Making coffee is good, because it gives me something to do other than focus on the fact that Brady Hayes, the man who made my life a living hell for so long and tried to kill me (more than once), is getting out of prison so soon. There’s coffee to measure, mugs to choose, and spoons to get out of the drawer; soon, I have it all arranged on a wooden tray, and I carry it back to my play room carefully.
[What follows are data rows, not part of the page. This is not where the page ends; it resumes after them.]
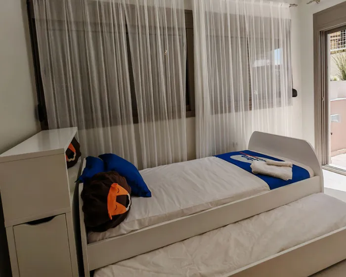 Vila Ulli Sarti se nalazi na oko 140 metara od mora, na uzvišenju pored crkve. Osim gradske plaže, u blizini je i jedna manja uvala sa stenama i peskom. Na prvom spratu nalazi se nov moderan, luksuzan duplex. Prostrana odlično opremljena kuhinja (šporet, mikrotalasna, mašina za sudove, kuvalo) je sastavni deo prostranog dnevnog boravka gde se nalazi trosed na rasklapanje za 2 osobe. Jedna spavaća soba ima francuski krevet i druga spavaća soba ima klasičan krevet sa još jednim fioka klasičnim krevetom. Jedna terasa gleda ka mirnoj ulici, druga prostrana terasa gleda između zgrada. Kuća ima signal za besplatan bežični internet, SAT TV i klima uređaje (dnevna soba i jedna spavaća soba) čije je korišćenje uključeno u cenu. Gostima je na raspolaganju usluga pranja veša koja se može dogovoriti sa domaćinima kuće. Prilikom zamene posteljine i peškira organizovano je čišćenje duplexa.
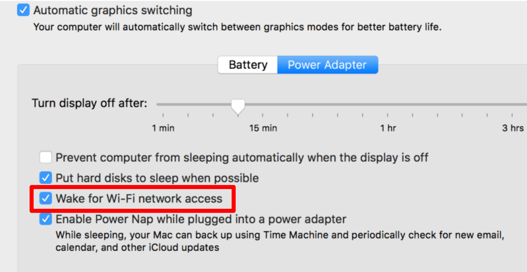Die Trennung zwischen Ethernet und WLAN wurde später von Apple aufgegeben und die Einstellung zusammengelegt, was unteren anderem auch daran liegt, dass viele Macs gar keinen Ethernet-Anschluss mehr haben. In der deutschen Fassung heißt es jetzt "Ruhezustand bei Netzwerkzugriff beenden", egal welcher Typ von Anschluss.
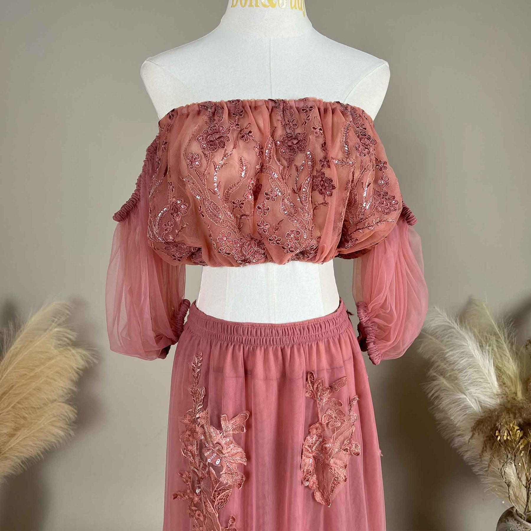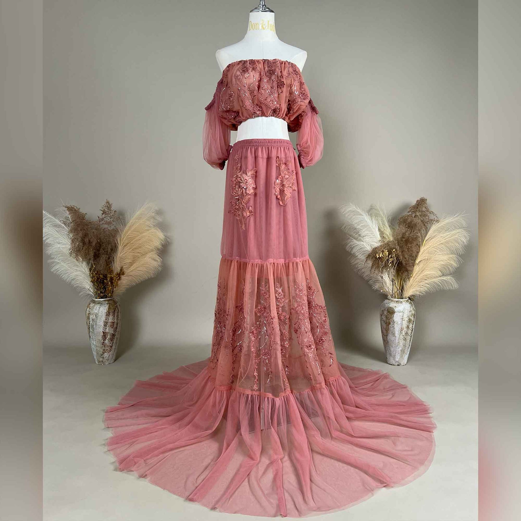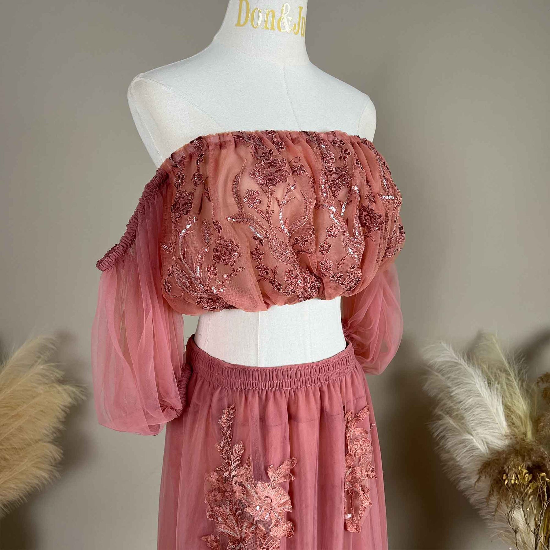 Product name: Tulle Embroidered 2-piece Top and Skirt Set Maternity or Non-maternity Gown Party Dresses for Photography Props Baby Shower Photo Props
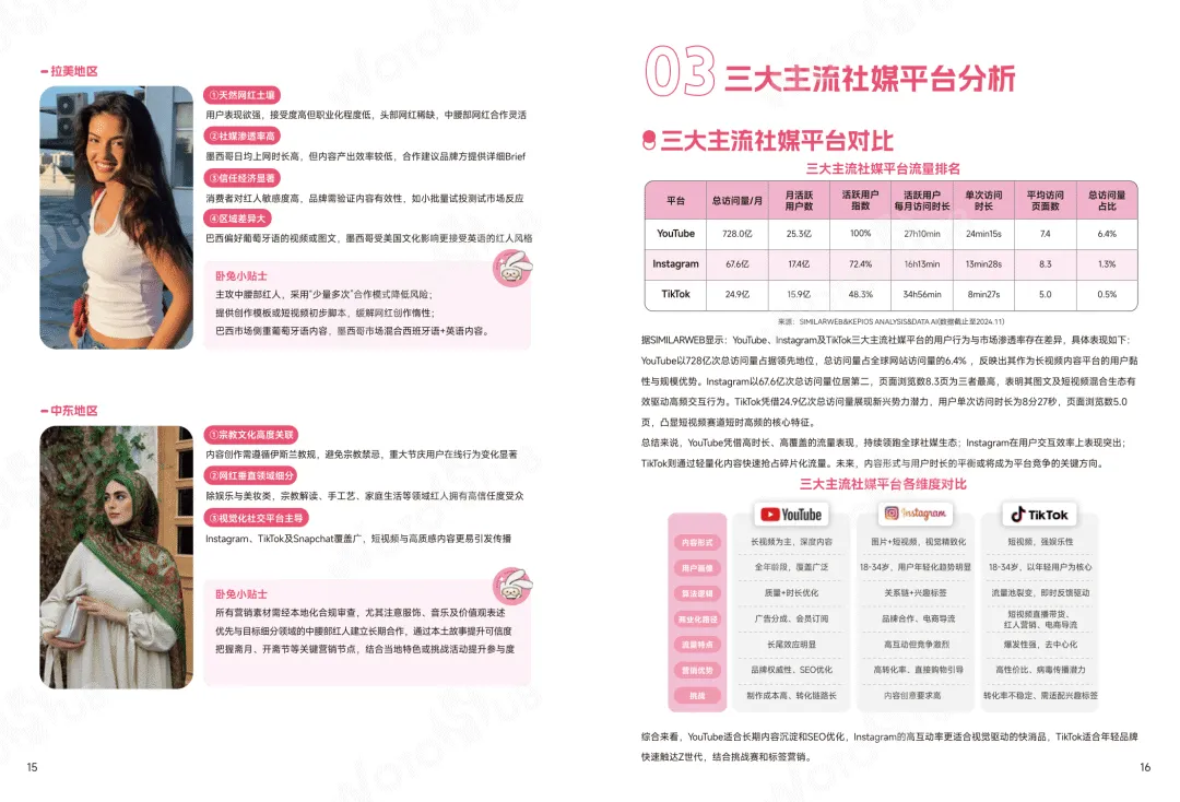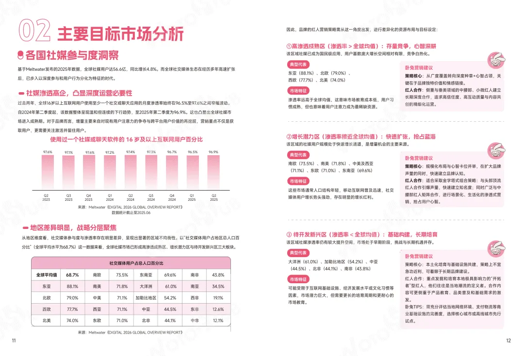 当前全球红人营销市场规模持续高速增长,2025 年达325.5 亿美元,社媒用户渗透率升至 69%,YouTube、Instagram、TikTok 为三大核心平台,用户粘性与商业价值突出。全球社媒市场分化为高渗透成熟区、增长潜力区、待开发新兴区,欧美、东南亚、日韩仍是品牌布局重点,不同区域在红人业态、消费习惯、合规要求上差异显著。
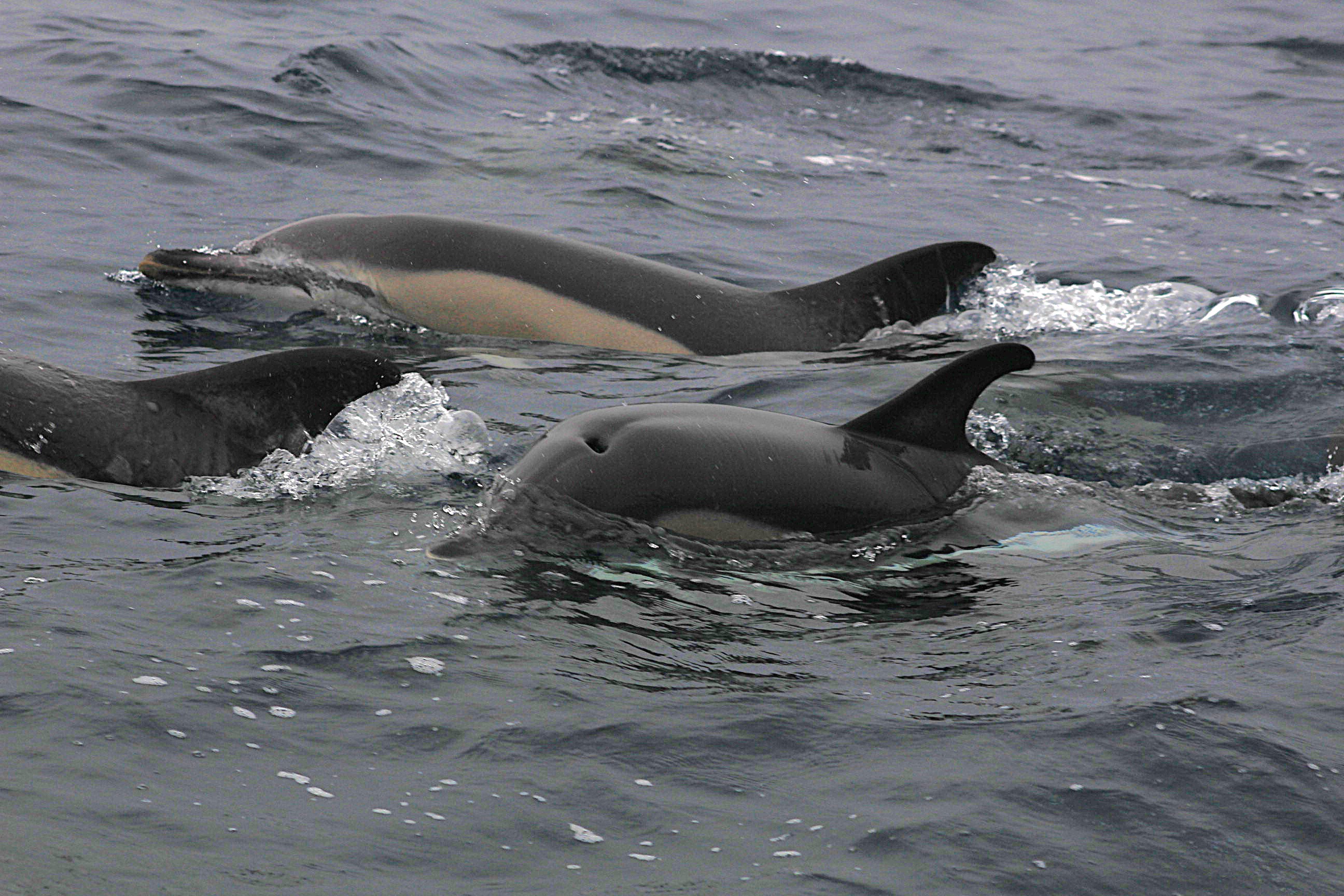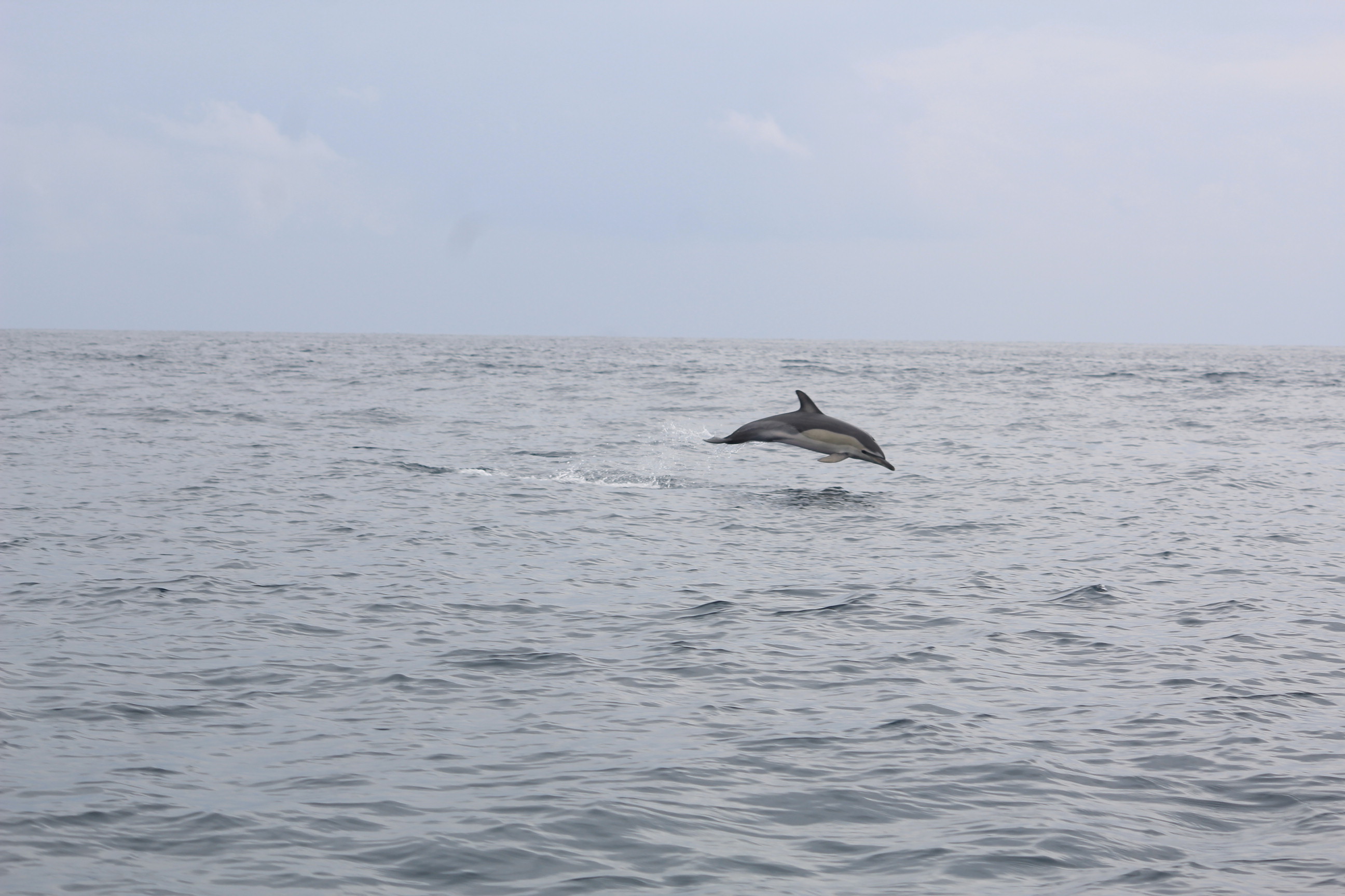 Notre groupe a eu la chance de voir dès le début un énorme pod de dauphins communs : certains chassent, certains se font des câlins, certains jouent avec le bateau… On en profite pendant bien 1h : que du bonheur !

“Okay,” I say once we all have mugs in our hands, “tell me where I’m being hidden, so that miserable piece of shit Brady Hayes can’t get to me.”

Andrew and Michelle exchange a look. They try to hide it, but I’ve been doing this job far too long, and have gotten really good at reading people’s faces. (You’ve got somebody gagged, you have to be able to tell the “god, yes, do that again” grimace from the, “I’m getting a leg cramp” grimace.) “Why would you think you’re going anywhere?” Michelle says after a moment.

“Because you’re United States Marshalls, not regular cops, and I have watched movies before,” I say. “And while I know that staying here and waiting for Brady to come after me would make it a whole lot easier for me to just kill his murderous ass like I should have done eight years ago, I doubt you’re going to let me do that. Am I right?”

Andrew nods, but he’s hiding a smirk behind the rim of his coffee cup. No doubt he, too, wants to see Brady lying in a puddle of his own blood.

“So, I’m right,” I say. “Now tell me how this is gonna work.”